Theory of work adjustment (TWA) tumbuh dari tradisi psikologi individu.Psikologi perbedaan individu adalah tentang variabiitas manusia.Variabilitas manusia tersebut menggambarkan individualitas manusia. Individualitas seperti itu dapat mengakibatkan konsekuensi yang berbeda dalam situasi yang sama. Dalam mempelajari fenomena ini, psikologi perbedaan individu berfokus pada variabel-variabel yang stabil dari waktu ke waktu.
Theory of work adjustment diawali dengan tiga asumsi dasar yaitu sebagai berikut:
1.    Sebagai living organisme
2.    Memiliki kemampuan yang memungkinkan untuk memenuhi persyaratan.
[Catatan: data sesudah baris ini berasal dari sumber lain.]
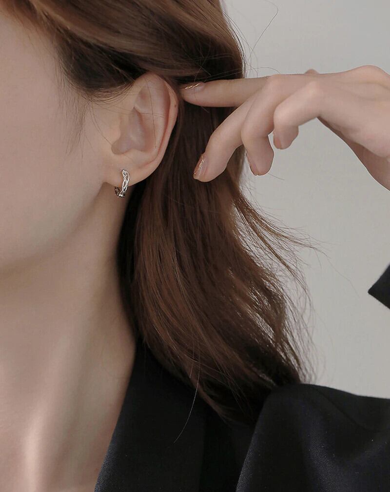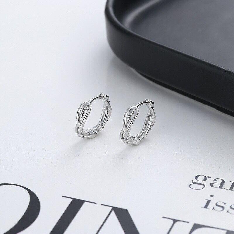 LIVVY シルバーカラー絶妙なエレガンス不規則な中空クロス織りイヤリング女性シンプルな人格ジュエリー 指輪 銀 Liv65482964881

3.    Banyak perilaku dalam berinteraksi
                        Theory of Work Adjustment didasarkan pada hubungan antara individu dengan lingkungan kerjanya. Hubungan tersebut dimulai ketika individu memperlihatkan kemampuan atau keahlian yang memungkinkan untuk memberikan tanggapan terhadap kebutuhan kerja dari suatu lingkungan kerja. Dari lain pihak, lingkungan kerja menyediakan pendorong atau penghargaan tertentu seperti gaji, status, hubungan pribadi, dan lain-lain dalam hubungannya dengan kebutuhan individu.Jika individu memenuhi persyaratan kerja, maka karyawan akan dianggap sebagai pekerja-pekerja yang memuaskan dan diperkenankan untuk tetap bekerja di dalam badan usaha. Di lain pihak, jika kebutuhan kerja memenuhi kebutuhan individu atau memenuhi kebutuhan kerja, pekerja dianggap sebagai pekerja-pekerja yang puas.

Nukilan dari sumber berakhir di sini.